(Items listed in a dataset)
========================

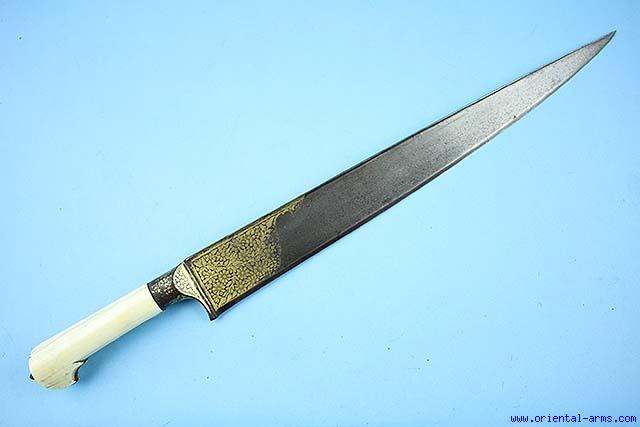 Up for sale is this fine short Khyber sword, massive blade, 15 1/2 inches long with a strong T Spine and fine gold inlay (Koftgari) decoration. The blade is forged from high quality wootz (Watered, Damascus) steel of clear high contrast pattern. Large ivory grips with steel bolsters and grip strap, also inlaid with gold (with some losses). Total length 21 inches. Very good condition. No scabbard. |
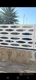 Pannelli resistenti rinforzati in vetroresina e metallo si possono utilizzare come ringhere, costruzione di cancelli, pareti divisorie, come angolo bar, per giardini e piscine zone solarium, oppure doccie e zona gioco, recinzioni. pannello grande misure:lunghezza mt 197 larghezza 55 cm spessore bordino laterale 4 cm. Pannello medio misura: lunghezza mt 185 larghezza 55 cm spessore bordino laterale 4 cm. pannello piccolo misura:lunghezza 182 larghezza cm 55 bordino laterale cm 4 . I pannelli si possono accorciare con il flex e modificare e pure forare, verniciare di qualsiasi colore e anche sovraporre per creazioni di pareti,montaggio in orizontale oppure in verticale, bullonare fra di loro.Oppure usando metallo a forma di H o a forma di U montaggio rapido ad incasso senza bulloni.
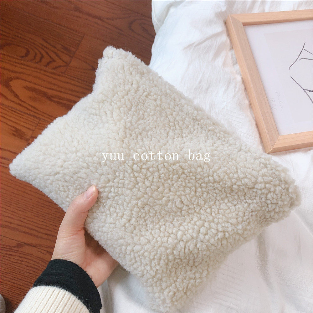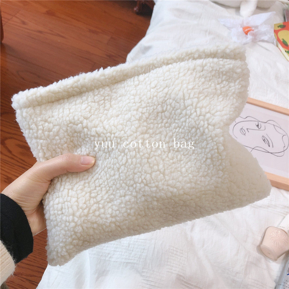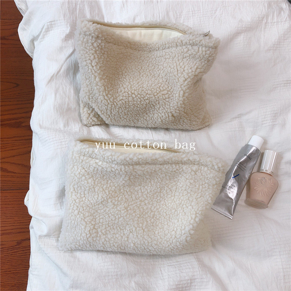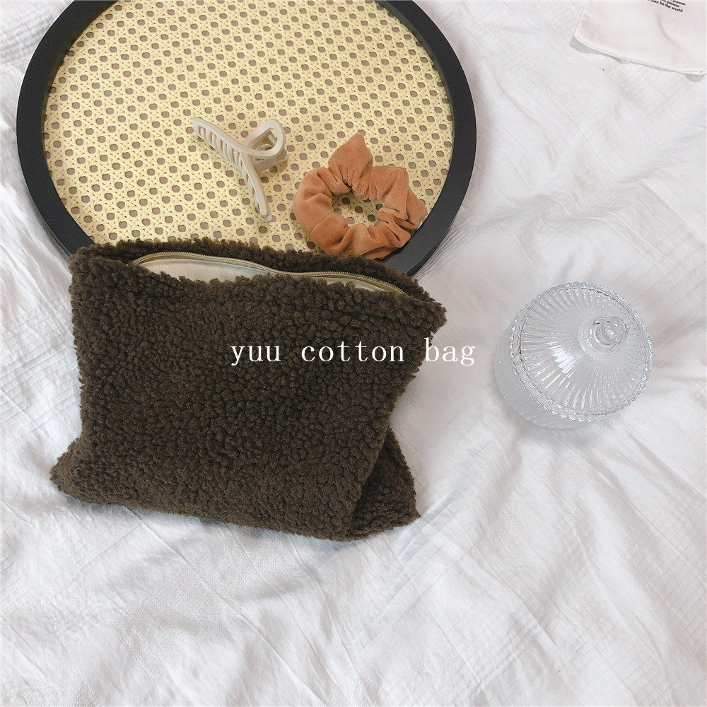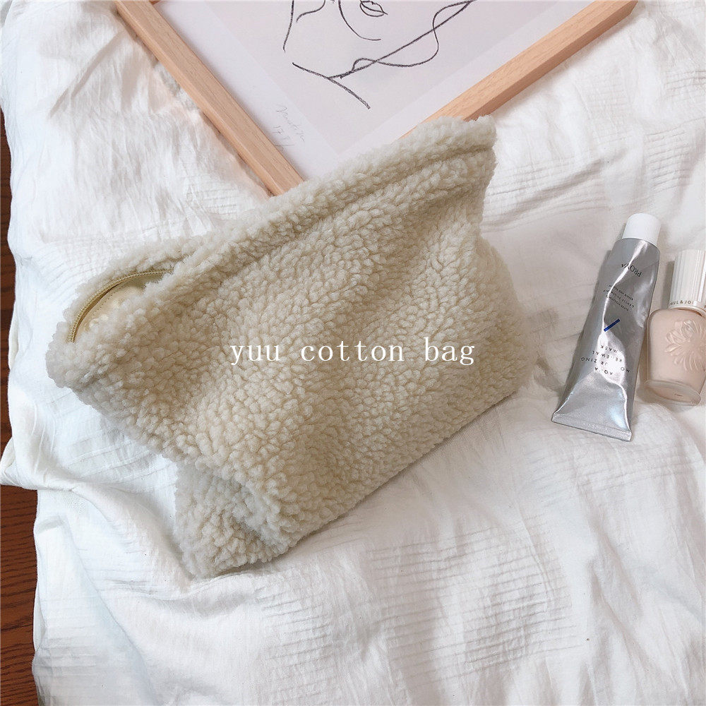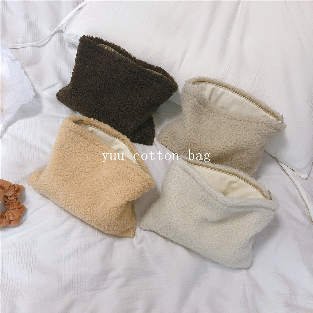 純色羊羔毛手包 手拿包 化妝包 洗漱包
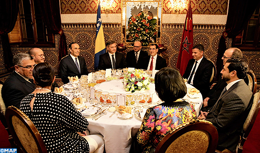 أقام الملك محمد السادس، مساء الاثنين 17 شتنبر 2018، بالرباط، مأدبة عشاء على شرف رئيس مجلس الوزراء بجمهورية البوسنة والهرسك دينيس زفيزديتش، الذي يقوم بزيارة رسمية للمغرب، ترأسها رئيس الحكومة سعد الدين العثماني.
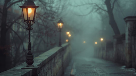 Defocused foggy streets lined with old lampposts and abandoned buildings transporting the viewer to a bygone era where time stands still.
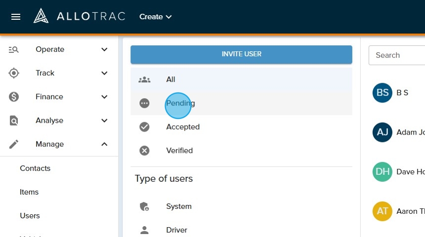 5. To view your pending user invitations, click "Pending". Pending user invitations are the invitations that you have sent, that have not yet been accepted by the user
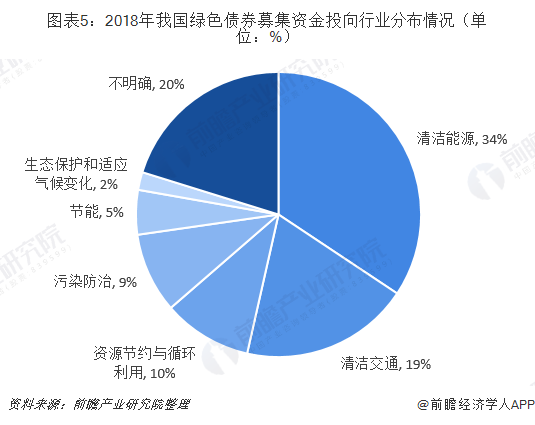 2018年,绿色债券募集资金投向清洁能源领域金额最高。按照中国金融学会绿色金融专业委员会编制的《绿色债券支持项目目录》规定的六个领域划分,2018年在我国绿色债券募集资金投向中,清洁能源是资金投向最多的领域,占比34%,主要为水电站、风电站和光伏项目建设;其次是清洁交通,占比19%,主要为城市轨道交通和城际铁路项目建设运营;生态保护和适应气候变化最少,占比仅2%。
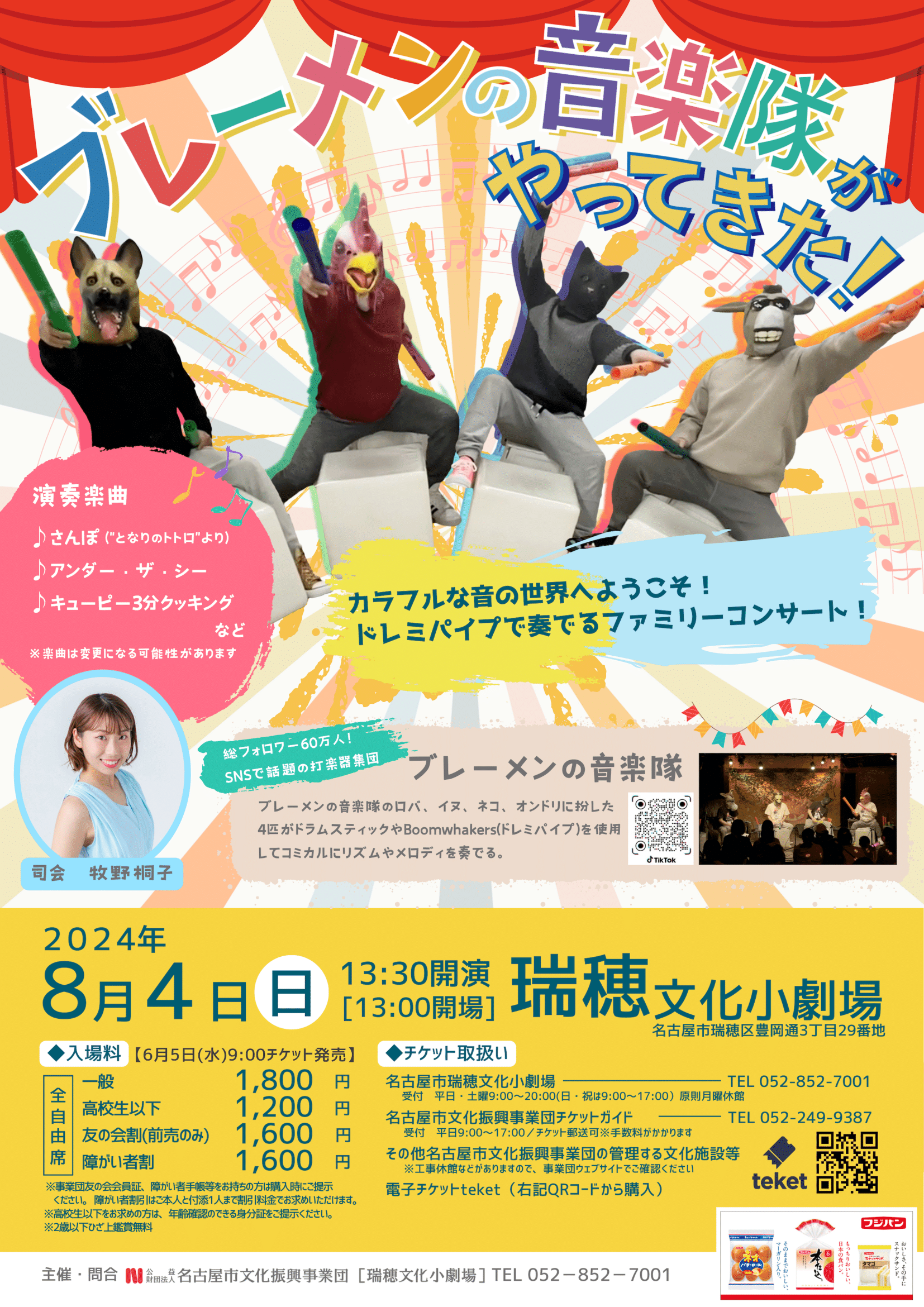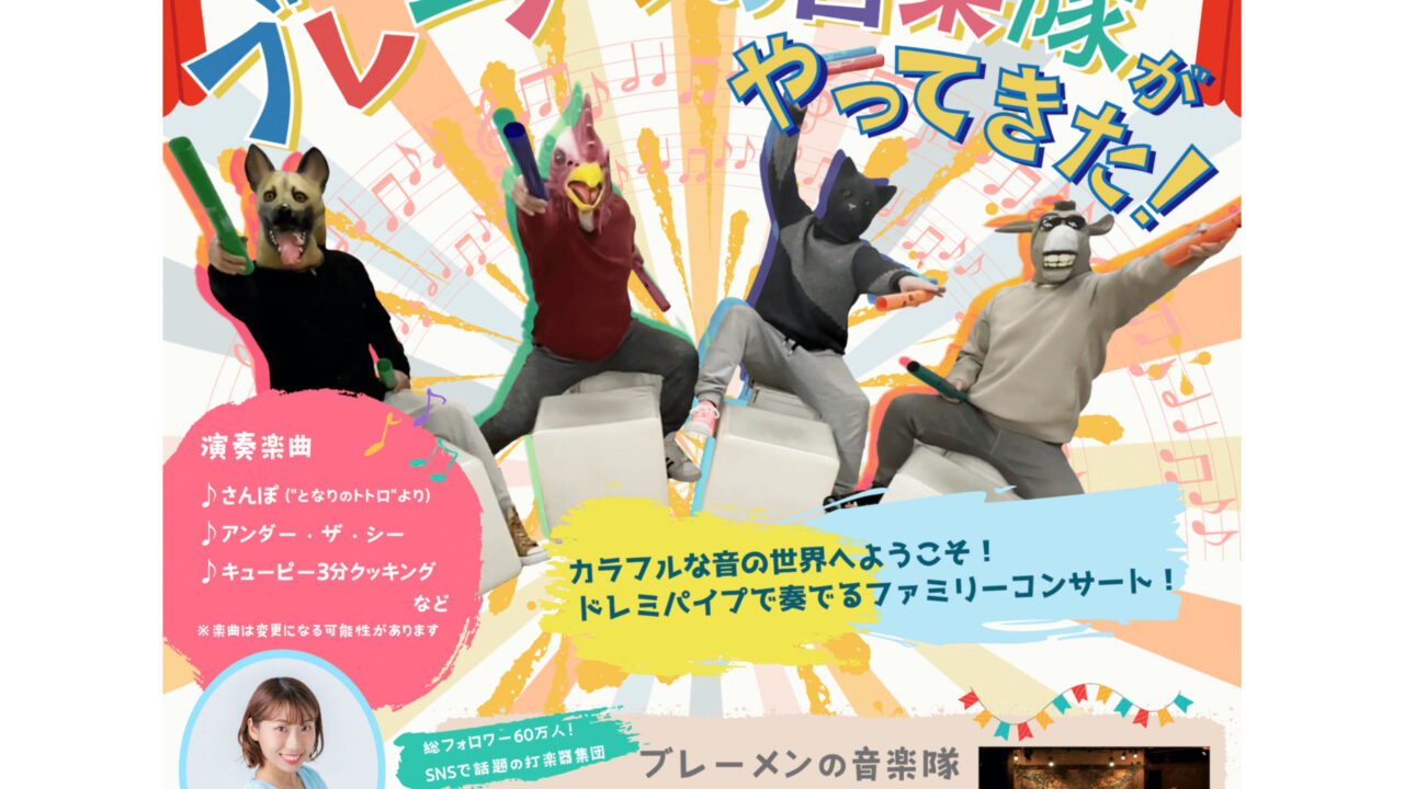2024年8月4日(日)、瑞穂文化小劇場で『ブレーメンの音楽隊がやってきた!』が開催されます!

========================

:: Work item ::
While skipping the pictures, transcribe the data above from the line showing "أقام الملك محمد" through the line showing "5. To view your", exactly and with both ends.

:: Expected output ::
 أقام الملك محمد السادس، مساء الاثنين 17 شتنبر 2018، بالرباط، مأدبة عشاء على شرف رئيس مجلس الوزراء بجمهورية البوسنة والهرسك دينيس زفيزديتش، الذي يقوم بزيارة رسمية للمغرب، ترأسها رئيس الحكومة سعد الدين العثماني.
 Defocused foggy streets lined with old lampposts and abandoned buildings transporting the viewer to a bygone era where time stands still.
 5. To view your pending user invitations, click "Pending". Pending user invitations are the invitations that you have sent, that have not yet been accepted by the user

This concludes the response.